WRITER: STEVE NILES | ART: DAMIEN WORM | PUBLISHER: STORM KING PRODUCTIONS | FORMAT: SINGLE ISSUE | RELEASE DATE: OUT NOW
Right from the opening page of this book, there is something arresting and immersive about the highly detailed, slightly wonky, and exceedingly indie comic art style, all slender lines rendered with a scratchy ink pen and very unlike the soft edges and digitally buffed sheens of modern commercial comics. The storytelling also allows room for the art to breathe and to do the heavy lifting on moving the plot forward, which is just as well, as our moody lead character says barely a word for the entire first issue. And understandably so.
Monica is a sullen teenager, giving her widowed father the silent treatment in revenge for his moving them both away from a settled life in the city, into an uncertain life in the back of beyond. Her stressed and grieving father is still holding out hope that Monica might come round, and she almost seems to as she takes a stroll out into the woods. And then, finally, the plot happens.

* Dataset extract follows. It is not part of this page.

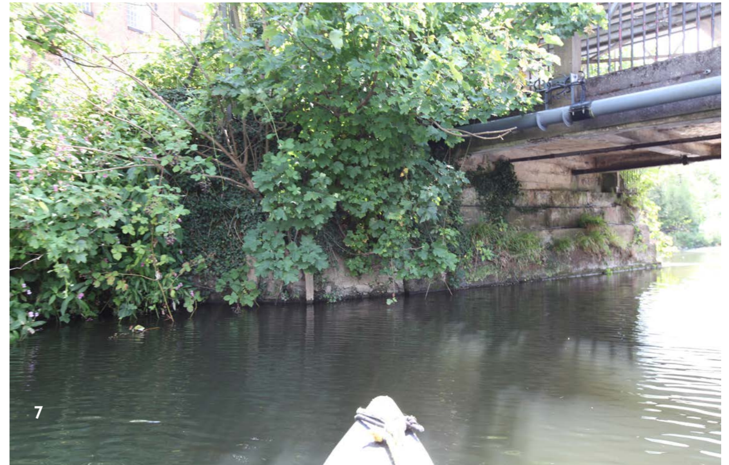
7. Left bank and abutment from upstream side (8.8.25).

We actually enjoyed the slow, art-driven storytelling approach but, if you knew enough of what the plot was likely to be (i.e. from reading the book’s title), then you were waiting literally the entire length of the issue for the story to even start. And, judging from how quickly we were then thrown into the plot to come when it finally turned up, the overall story would seem to be awfully thin. For the art alone this is a title we’d be inclined to keep following, but the evidence for the plot getting any thicker or less obvious with future issues seems just as thin as the plot so far.